Using available whole‐genome bisulfite DNA methylation data produced from the same tissue of wt Col, rdr6, ddm1 and ddm1 rdr6 genotypes (Creasey et al, 2014), we determined the CHH methylation level for each of the AGO6 21–22nt siRNA enriched, depleted and intermediate tiles. We next identified the tiles that had specifically RDR6‐dependent CHH methylation by comparing the methylation of tiles in wt Col to rdr6 and in ddm1 to ddm1 rdr6. We found that only transcriptionally active TEs from the ddm1 epigenome significantly accumulate tiles that have both AGO6 enrichment of 21–22nt siRNAs and RDR6‐dependent CHH methylation (P < 0.0001, chi‐square test) (Fig 4B), while the depleted and intermediate tiles failed to show RDR6‐dependent methylation. From this analysis, we identify transcriptionally active TEs as the genome‐wide target of RDR6‐RdDM.

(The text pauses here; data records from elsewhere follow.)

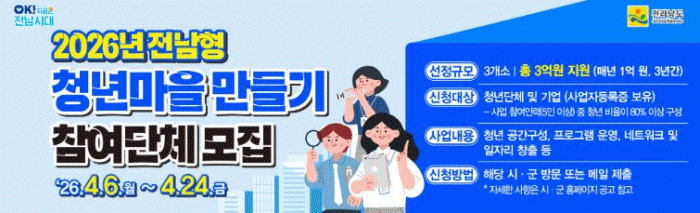 Àü³²µµ´Â ¿ÃÇØ ½Å±Ô»ç¾÷À¸·Î û³â¸¶À» Á¾·á ÀÌÈÄ¿¡µµ ¸¶À»ÀÌ Áö¼ÓÀûÀ¸·Î ¿î¿µµÇµµ·Ï Áö¿øÇÏ´Â ¡®Ã»³â ÀÚ¸³¸¶À» Ȱ¼ºÈ Áö¿ø»ç¾÷¡¯À» ÃßÁøÇÒ °èȹÀÌ´Ù.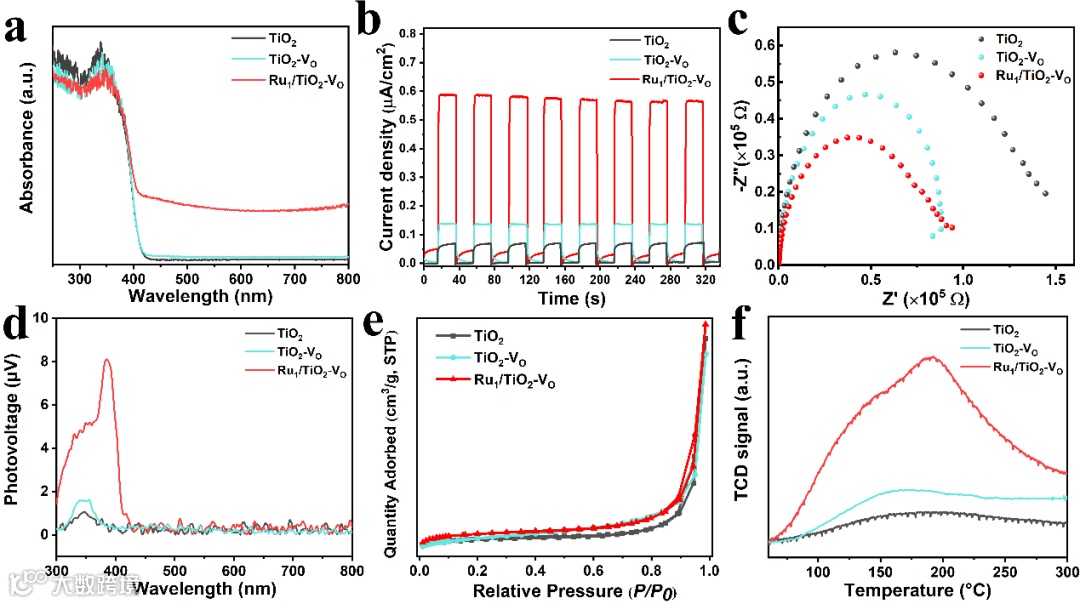 图4. TiO2、TiO2-Vo和Ru1/TiO2-Vo 的(a) DRS光谱,(b)光电流响应,(c) EIS,(d) SPV,氮气吸附-脱附等温线和(f) N2-TPD图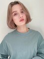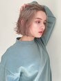 パラっとほつれるラフでヘルシーなワンカールボブ。あごラインで切り揃えたボブは首がスッキリ見えるのでスタイルアップ効果も。カラーはブリーチ必須のミルクティベージュ。お仕事でハイトーンが難しい方は似合うお色をご提案します♪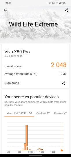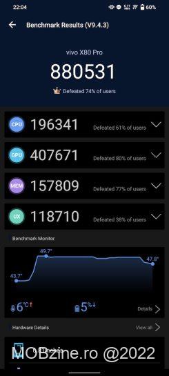 Aceste rezultate pun vivo X80 Pro într-o zonă medie în ceea ce înseamnă viteza pentru un flagship din 2022. Este destul de departe de pragul de 1 milion de puncte în AnTuTu și destul de jos în testele 3D Mark (analiza performanței 3D) și PC Mark (comportamentul în zona de folosire de tip Office), probabil din cauza faptului că se intră în acțiune algoritmii de optimizare care reduc viteza procesorului atunci când începe să se încălzească.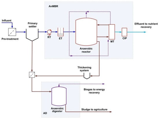 Anaerobic membrane bioreactors (AnMBRs) offer a promising solution to addressing the challenges of applying anaerobic processes to low-loaded wastewaters, including municipal wastewater (MWW). This innovative technology combines an anaerobic reactor and a membrane filtration system to completely retain the slow-growth microorganisms and its advantages are increasingly attracting the attention of the scientific community [,].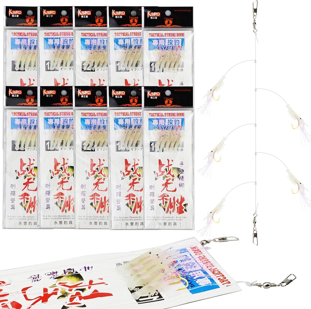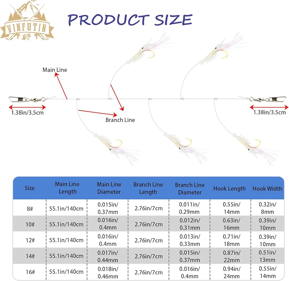 VINFUTIN sabiki rig consists of the following accessories: fishing line, luminous beads, biomimetic luminous shrimps, fish hooks,shiny silks and swivel connectors.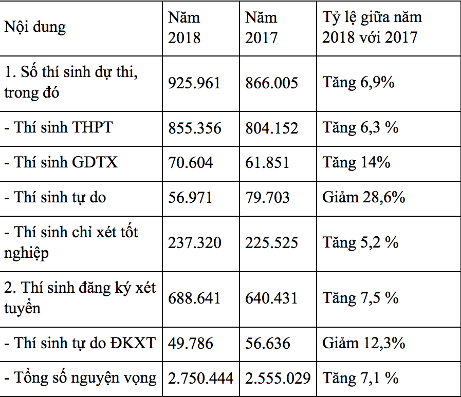 Theo Bộ GD&ĐT, năm 2018, chỉ có số thí sinh tự do đăng ký xét tuyển giảm, còn số thí sinh THPT, thí sinh GDTX và thí sinh thi chỉ để xét tốt nghiệp đều tăng.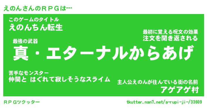 | 男性向けラノベタイトル風あだ名 | 『エノンアートオンライン』 |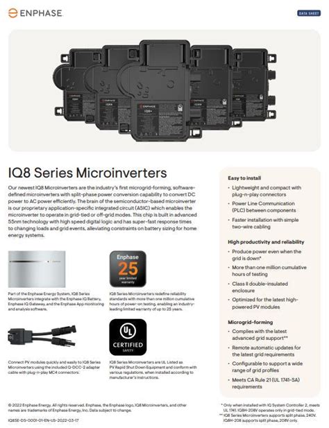 Enphase Iq8H Spec Sheet. Iq8m and iq8a microinverters datasheet.

Although AGO6 incorporation of 21–22nt siRNAs in ddm1 mutants shows a significant positive correlation with RDR6‐dependent methylation, we wondered why only 22.7% of the 5,262 total AGO6‐enriched ddm1 TE tiles from Fig 4A showed evidence of RDR6‐RdDM in Fig 4B. First, not all small RNAs incorporated into AGO6 will successfully target RdDM, similar to how the Athila6A TSS is not targeted by Pol IV‐RdDM in wt Col, even though 24nt siRNAs are produced from this region and enriched in AGO6 (Figs 1, 2D and 3D). Even in the case of successful AGO6 incorporation of 21–22nt siRNAs, a required Pol V‐derived scaffolding transcript may not be present, preventing RdDM. Second, whole‐genome bisulfite sequencing less efficiently determines the methylation levels of highly repetitive regions such as TEs (Krueger & Andrews, 2011). Thus, we calculated the average fold coverage for genes and TEs in this bisulfite deep sequencing dataset and found that while more than 72% of genic tiles have a higher than fourfold sequencing coverage, only 50% of TE tiles have this same sequencing depth. Therefore, the total number of repetitive TE tiles that we identified in Fig 4B is an underestimate of the global TE targets of RDR6‐RdDM.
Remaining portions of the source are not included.